Date: Mon, 14 Nov 2005 23:48:14 -0800
From: "Chuck Guzis" <cclist at sydex.com>
On 11/14/2005 at 11:24 PM Jeff Walther wrote:
For big surface mount chips I like to use Chip
Quik desoldering
alloy, which will lower the melting point of the solder on the board.
If I preapply Chip Quik, I can usually use the 600F setting for a
minute or two to loosen a chip. I've successfully done this on chips
as large as 208 pin QFPs.
Jeff, unless the thermostat on your heat gun is faulty, you should be able
to go much lower than 600F, shouldn't you? 60/40 solder flows at about
370F.
You would think so, wouldn't you? As I recall, I tried lower
temperatures first and it just took too long for the solder to
loosen. My back of a beer soaked envelope explanation would be that
the heat is conducting away at some rate and so one needs a higher
temperature source than the target temperature. But beats me. The
600F setting is the one that gets the chips loose in about 2 minutes.
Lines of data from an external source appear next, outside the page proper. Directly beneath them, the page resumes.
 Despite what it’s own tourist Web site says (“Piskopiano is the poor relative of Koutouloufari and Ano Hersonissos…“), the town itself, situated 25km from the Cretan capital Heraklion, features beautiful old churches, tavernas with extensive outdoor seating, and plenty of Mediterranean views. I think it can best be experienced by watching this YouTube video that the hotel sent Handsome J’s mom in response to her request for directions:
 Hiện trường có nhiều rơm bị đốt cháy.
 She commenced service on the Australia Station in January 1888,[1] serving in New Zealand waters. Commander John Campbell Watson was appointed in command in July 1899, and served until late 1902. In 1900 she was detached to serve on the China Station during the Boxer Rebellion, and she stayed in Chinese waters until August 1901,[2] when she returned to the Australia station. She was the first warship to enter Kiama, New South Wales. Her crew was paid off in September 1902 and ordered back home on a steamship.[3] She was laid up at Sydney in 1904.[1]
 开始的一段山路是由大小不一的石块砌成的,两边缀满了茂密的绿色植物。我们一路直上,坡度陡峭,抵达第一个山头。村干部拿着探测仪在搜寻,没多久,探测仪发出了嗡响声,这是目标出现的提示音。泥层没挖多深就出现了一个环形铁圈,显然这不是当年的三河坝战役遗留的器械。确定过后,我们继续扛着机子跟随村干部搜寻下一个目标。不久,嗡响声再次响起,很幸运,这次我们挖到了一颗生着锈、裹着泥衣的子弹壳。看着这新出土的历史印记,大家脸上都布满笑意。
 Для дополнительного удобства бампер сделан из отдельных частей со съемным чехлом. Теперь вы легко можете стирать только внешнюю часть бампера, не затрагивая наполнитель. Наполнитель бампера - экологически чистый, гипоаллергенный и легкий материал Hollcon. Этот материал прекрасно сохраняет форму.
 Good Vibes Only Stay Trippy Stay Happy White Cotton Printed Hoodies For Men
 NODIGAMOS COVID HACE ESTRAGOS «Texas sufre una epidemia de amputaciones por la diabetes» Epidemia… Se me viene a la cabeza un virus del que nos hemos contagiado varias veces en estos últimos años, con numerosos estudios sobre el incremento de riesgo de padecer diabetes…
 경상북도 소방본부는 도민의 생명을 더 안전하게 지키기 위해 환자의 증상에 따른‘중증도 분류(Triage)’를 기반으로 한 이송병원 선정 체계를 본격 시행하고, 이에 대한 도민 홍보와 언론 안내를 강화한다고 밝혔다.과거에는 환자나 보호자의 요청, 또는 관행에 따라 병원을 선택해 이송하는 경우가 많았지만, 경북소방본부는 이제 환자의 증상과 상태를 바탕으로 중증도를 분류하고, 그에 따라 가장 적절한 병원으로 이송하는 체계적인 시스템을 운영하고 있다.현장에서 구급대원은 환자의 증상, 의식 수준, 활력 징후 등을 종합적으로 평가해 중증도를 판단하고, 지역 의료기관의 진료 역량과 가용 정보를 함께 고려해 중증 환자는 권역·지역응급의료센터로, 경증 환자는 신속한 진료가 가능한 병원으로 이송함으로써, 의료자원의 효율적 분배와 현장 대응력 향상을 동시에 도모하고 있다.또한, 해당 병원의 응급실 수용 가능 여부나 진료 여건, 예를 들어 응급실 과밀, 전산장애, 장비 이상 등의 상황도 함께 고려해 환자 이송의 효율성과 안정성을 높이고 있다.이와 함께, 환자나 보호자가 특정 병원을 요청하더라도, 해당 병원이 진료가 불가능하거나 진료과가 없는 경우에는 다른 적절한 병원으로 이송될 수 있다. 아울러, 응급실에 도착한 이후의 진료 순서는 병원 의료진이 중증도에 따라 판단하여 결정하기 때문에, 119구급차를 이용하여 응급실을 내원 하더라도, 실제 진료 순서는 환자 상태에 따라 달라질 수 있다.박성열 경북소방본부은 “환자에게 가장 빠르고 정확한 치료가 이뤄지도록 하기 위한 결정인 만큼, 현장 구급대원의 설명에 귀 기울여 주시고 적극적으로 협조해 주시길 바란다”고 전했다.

The heat gun could be poorly calibrated. It was inexpensive but gets
the job done.
Interestingly, if I'm doing a bunch of boards, e.g. pulling the flash
off of cheap ATA-66 cards, after the first card the following ones go
faster. Either the heat gun takes a while to reach its set
temperature, or my work area gets hot and helps the boards along or
something. I use a 1/16" sheet of sheet metal as a work surface. I
figure it's anti-static protection and fairly impervious to
mechanical, chemical and thermal insult.
It seems to me that I've also seen special
desoldering rigs that use hot
air and a special nozzle to better focus the airstream.
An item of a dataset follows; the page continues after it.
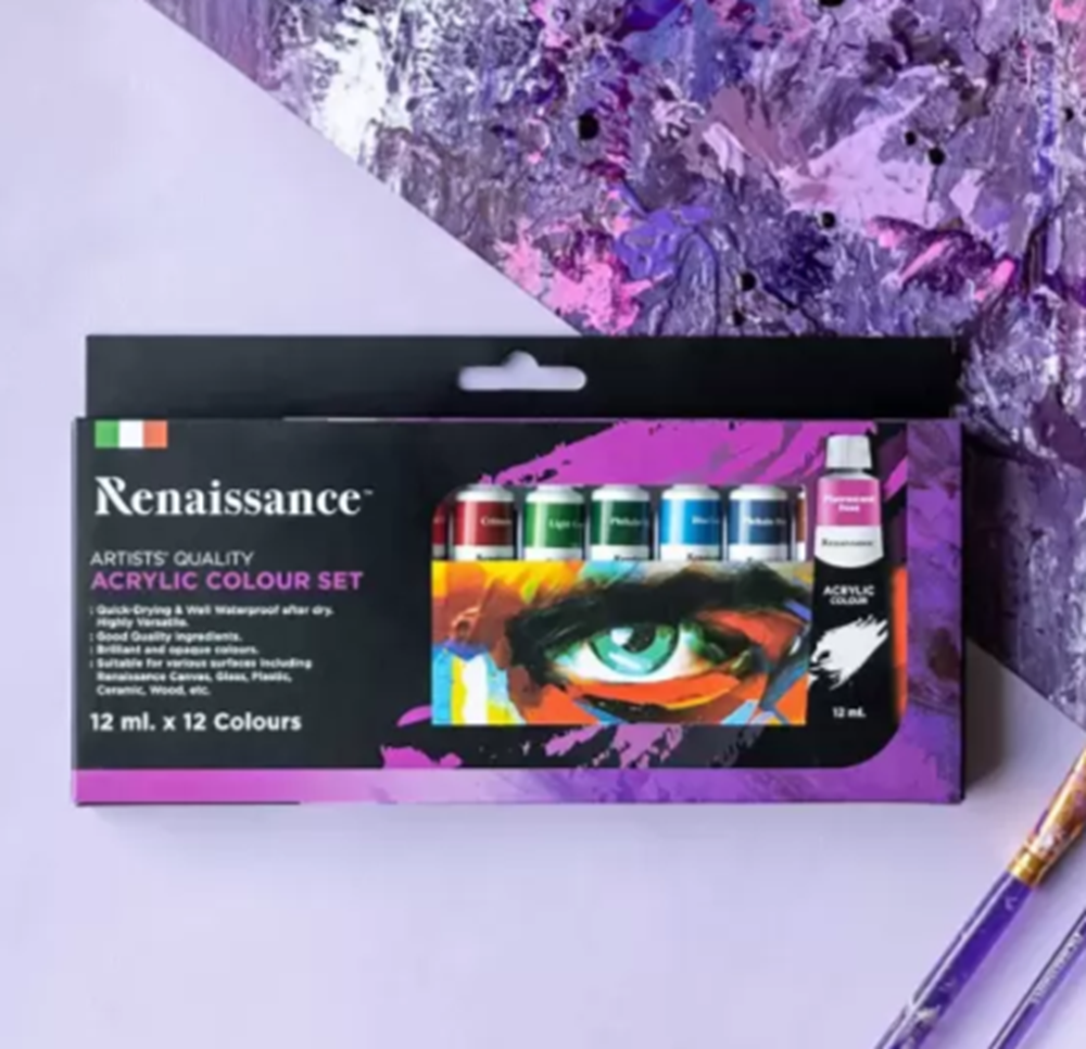 Renaissance akryylimaalit ovat myrkyttömiä ja CE-merkittyjä. Maalit levittyvät helposti ja pigmentti on erittäin peittävää. Maalit ovat vesiohenteisia eli niitä voi halutessaan ohentaa vedellä. Maalit tulevat kätevissä 12 ml tuubeissa. Pese työvälineet sekä kädet lämpimällä vedellä ja saippualla.

I've heard of those, but they seem to cost multiple hundreds of
dollars. I like the < $40 heat gun + modeling clay solution.
That's a little bit of hyperbole as I also have dental picks and the
Chip Quik set for the big chips and a nice bottle of resin. With
those and a 15W and a 40W soldering pencil I manage.
Thanks for the tip on Chip Quik; from the MSDS, it
appears to be a
Tin-Indium alloy.
I thought there was bismuth involved but the memory is moldy. It
melts/mixes in with the existing solder and lowers the melting point.
That's the point behind the stuff. It's fairly expensive, but very
little of it is needed per desoldered chip. And four beads of the
stuff makes the big QFPs come off soooo much easier.